深草丘十郎は、父のかたきをさがすオリジナルキャラ。その視点から、新選組を見ていくのが新鮮です!
『新選組血風録』マンガ版
司馬遼太郎の『新選組血風録』のマンガは絶対におすすめしたいです!
マンガを担当するのは、森秀樹。『墨攻』『ムカデ戦記』といった骨太な作品を描いているだけに、本作も読み応えがあります。
『壬生義士伝』マンガ版
こちらも小説のマンガ化。ながやす巧だけに絵柄が本当にすばらしいです。幕末の時代感が絵柄からも伝わってきます!
『賊軍 土方歳三』
史実寄りで、新選組を描いています。
ただしフォーカスするのは、新選組が京都を追われて、賊軍となった後。新選組の悲哀とそれでも突き進む土方歳三のカッコよさがあります。土方歳三や沖田総司の洋装姿もいいです。
『アサギロ~浅葱狼~』
沖田総司を幼少期から描きます。
沖田総司がちょっと変人な雰囲気で、これまでとは違うようなキャラクターなのがこれまた新鮮。
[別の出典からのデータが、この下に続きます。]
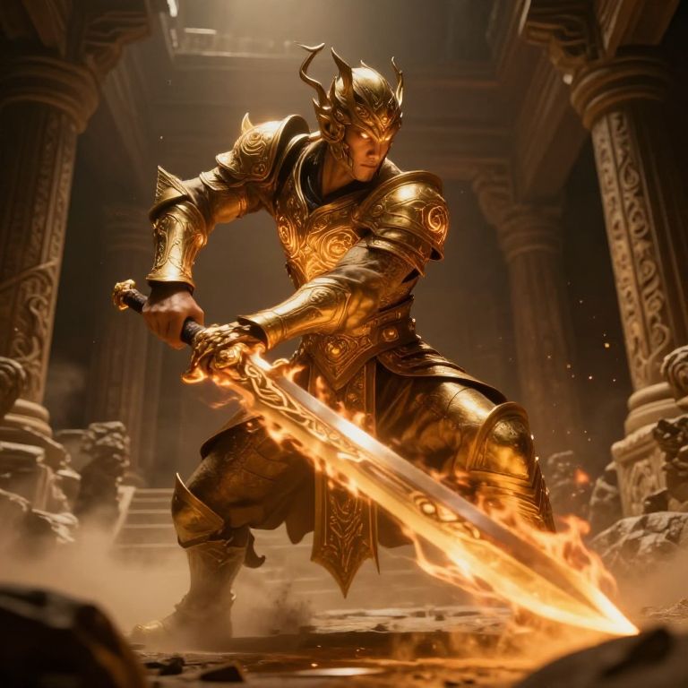 Photorealistic digital art depicting a muscular, armored warrior with a horned helmet, poised in a dynamic stance. He wields a glowing, fiery sword with intricate designs, illuminating the dimly lit, ancient temple setting. The warrior's golden armor is ornate, with swirling patterns and embossed details, reflecting light. Tall, weathered columns frame the background, and smoke or dust clouds the floor, adding a sense of movement and danger. The image has a dramatic, epic feel, with intense lighting and shadow contrasts.
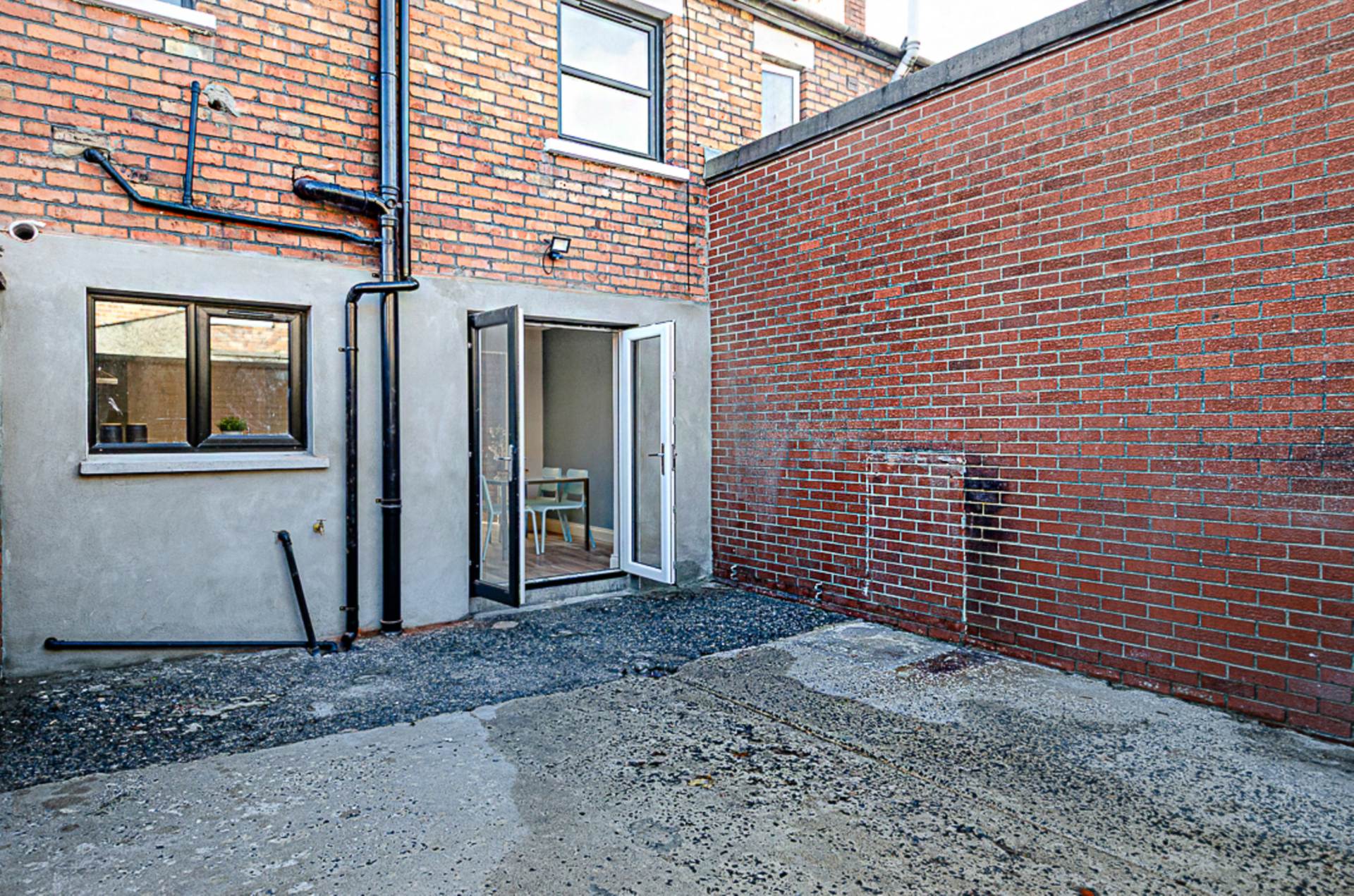 OutsideForecourt in small stones and path. Courtyard garden to the rear
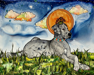 Spotted Great Dane by Colorado artist Robin Arthur aka RobiniArt. Pretty, gray, great dane posing in the grass with puffy clouds and a starry sky.
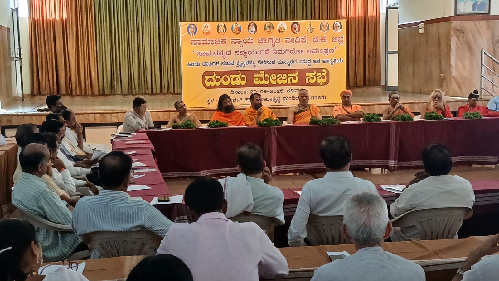 ಮಂಗಳೂರು: ಸಾಮಾಜಿಕ, ಶೈಕ್ಷಣಿಕ ಸಮೀಕ್ಷೆಯ ಪಟ್ಟಿಯಲ್ಲಿ ಹಿಂದೂ ಧರ್ಮದ 47 ಉಪಜಾತಿಗಳ ಜೊತೆ ಇರುವ ಕ್ರಿಶ್ಚಿಯನ್ ಪದವನ್ನು ಕೈಬಿಡದಿದ್ದರೆ ಸಮೀಕ್ಷೆಯನ್ನು ಬಹಿಷ್ಕರಿಸಲು ಸಾಮಾಜಿಕ ನ್ಯಾಯ ಜಾಗೃತಿ ವೇದಿಕೆಯ ದ.ಕ ಜಿಲ್ಲೆ ವತಿಯಿಂದ ನಗರದ ಬಾಳಂಭಟ್ ಸಭಾಂಗಣದಲ್ಲಿ ನಡೆದ ಹಿಂದೂ ಧಾರ್ಮಿಕ ಪ್ರಮುಖರ, ಸಾಧು ಸಂತರ ದುಂಡುಮೇಜಿನ ಸಭೆ ನಿರ್ಣಯ ಕೈಗೊಂಡಿದೆ ಎಂದು ಗುರುಪುರ ವಜ್ರದೇಹಿ ಮಠದ ರಾಜಶೇಖರಾನಂದ ಸ್ವಾಮೀಜಿ ತಿಳಿಸಿದ್ದಾರೆ.
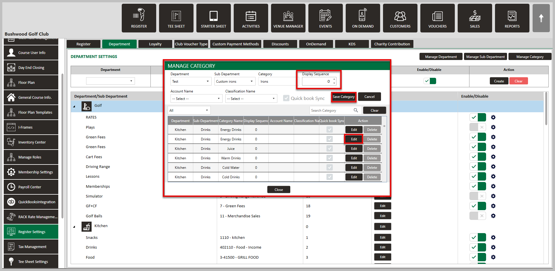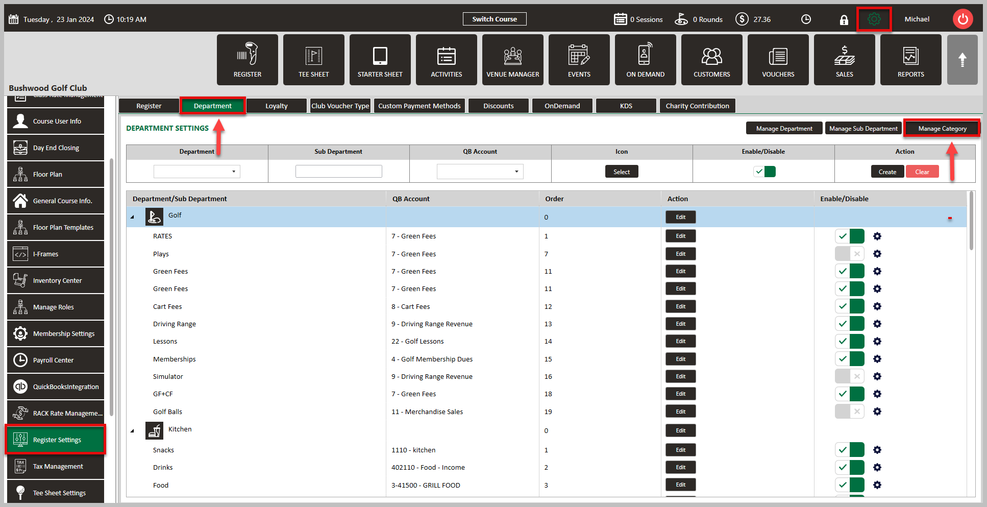 Step 2: Click on the Department tab along the top row, followed by Manage Category over on the right hand side. This will generate a Manage Category pop-up window.

もちろん新選組おなじみのメンバーも登場します。
『ちるらん』
イケメン集団として新選組を描いています。
フィクションとしてのおもしろさを突き詰めるならおすすめです!史実と照らし合わせてもいいでしょう。
『ゴールデンカムイ』
メインはアイヌ民族含めた金塊強奪ですが、新選組の生き残りとして、土方歳三や永倉新八が登場します。この2人は高齢なのに、渋いカッコいい!
土方歳三は、王国建国を夢見ていて、年老いても血気盛ん。ところどころ、史実ネタを織り交ぜているのも魅力です。ゴールデンカムイは総じて歴史資料の読み込みがすごいんですよね。
『風光る』
家族を殺された少女が、男のふりをして新選組に入隊。倒幕派の仇を討つために、真の武士の道を目指していきます。
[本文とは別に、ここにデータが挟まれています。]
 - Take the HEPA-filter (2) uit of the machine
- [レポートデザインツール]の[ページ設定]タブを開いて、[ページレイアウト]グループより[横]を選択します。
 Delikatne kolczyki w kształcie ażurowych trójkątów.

脱走を考えたり、沖田総司に恋したりということも起こります。新選組入門としてもおすすめですね。
『太陽を堕とした男』
長州藩側から新選組を描いています。だからこそ新選組の恐ろしさ、不気味さを感じられて、この設定がおもしろかったです。1巻完結なので、ぜひ手にとってほしい。
『壬生狼ヤングゼネレーション』
新選組の「隊中美男五人衆」の日常をコミカルに描いた作品。
実在しているもののマイナー隊士の視点だからこそ、新選組が身近に感じられる設定になっています。芹沢鴨暗殺など、新選組の暗部が史実と絡めて描かれるの魅力です。
『ひなたの狼―新選組綺談』
これが土方歳三!?と思えるくらい、女性的でしなやかさがある人物になっています。
沖田総司、原田左之助のイメージも新鮮です。
ただ新選組の骨太さがないわけではなく、新選組好きな作者だからこその愛が伝わります。
新選組の生き様に熱くなる
新選組は、どう見るかでまったく違う面が見えてきます。尊皇攘夷の自警団として残酷な面や、新選組のなかで粛清が行われ恐ろしい面がある。一方で、純粋に武士として生きようとして、時代に翻弄されたと見ることもできるわけです。
それだけ語りがいがあるのが新選組の魅力に、小説や本を読むことで、グッと迫ってほしいと思います。